*Task to complete:* Excluding pictures, what does the listing below contain from the line with "DETAILS A fully-lined" up to and including the line with "Gilet in Micro", word for word?

*Data records:*
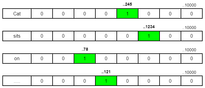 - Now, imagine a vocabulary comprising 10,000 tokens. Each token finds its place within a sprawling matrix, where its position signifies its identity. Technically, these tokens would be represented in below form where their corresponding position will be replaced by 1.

--

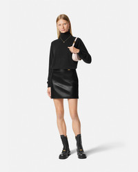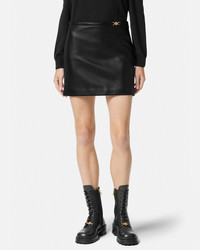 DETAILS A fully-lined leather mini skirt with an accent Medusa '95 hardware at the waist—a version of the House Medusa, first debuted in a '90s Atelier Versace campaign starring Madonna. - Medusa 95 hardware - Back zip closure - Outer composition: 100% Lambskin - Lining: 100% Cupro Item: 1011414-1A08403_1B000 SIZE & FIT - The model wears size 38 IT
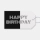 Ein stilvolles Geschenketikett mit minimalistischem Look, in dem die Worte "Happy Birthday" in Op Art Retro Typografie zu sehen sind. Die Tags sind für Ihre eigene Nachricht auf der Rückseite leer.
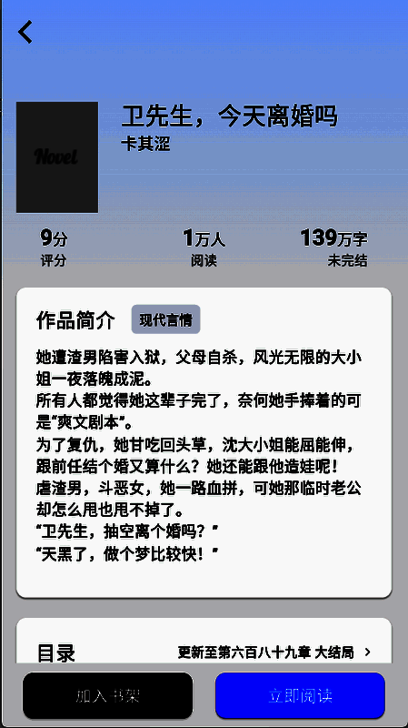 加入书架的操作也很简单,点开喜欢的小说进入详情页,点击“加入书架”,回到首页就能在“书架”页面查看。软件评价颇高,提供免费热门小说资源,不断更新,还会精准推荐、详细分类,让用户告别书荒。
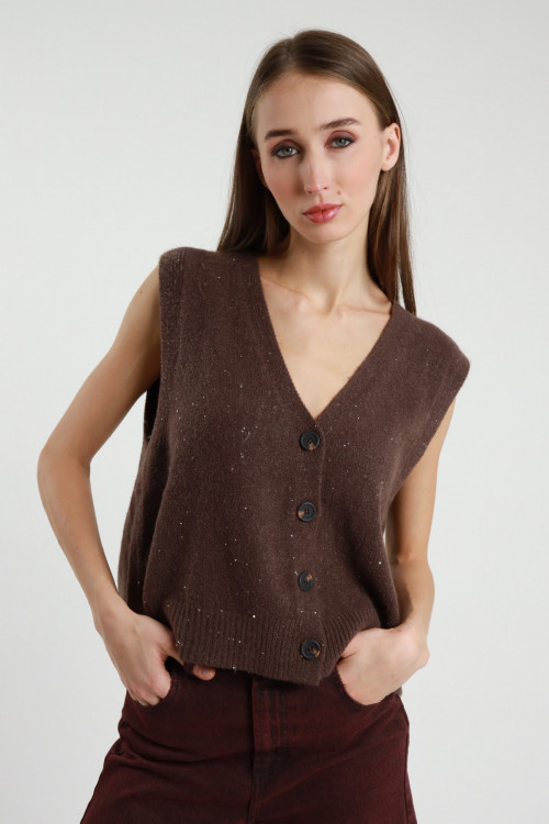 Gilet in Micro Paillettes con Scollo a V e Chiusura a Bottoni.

*Answer box:*
 DETAILS A fully-lined leather mini skirt with an accent Medusa '95 hardware at the waist—a version of the House Medusa, first debuted in a '90s Atelier Versace campaign starring Madonna. - Medusa 95 hardware - Back zip closure - Outer composition: 100% Lambskin - Lining: 100% Cupro Item: 1011414-1A08403_1B000 SIZE & FIT - The model wears size 38 IT
 Ein stilvolles Geschenketikett mit minimalistischem Look, in dem die Worte "Happy Birthday" in Op Art Retro Typografie zu sehen sind. Die Tags sind für Ihre eigene Nachricht auf der Rückseite leer.
 加入书架的操作也很简单,点开喜欢的小说进入详情页,点击“加入书架”,回到首页就能在“书架”页面查看。软件评价颇高,提供免费热门小说资源,不断更新,还会精准推荐、详细分类,让用户告别书荒。
 Gilet in Micro Paillettes con Scollo a V e Chiusura a Bottoni.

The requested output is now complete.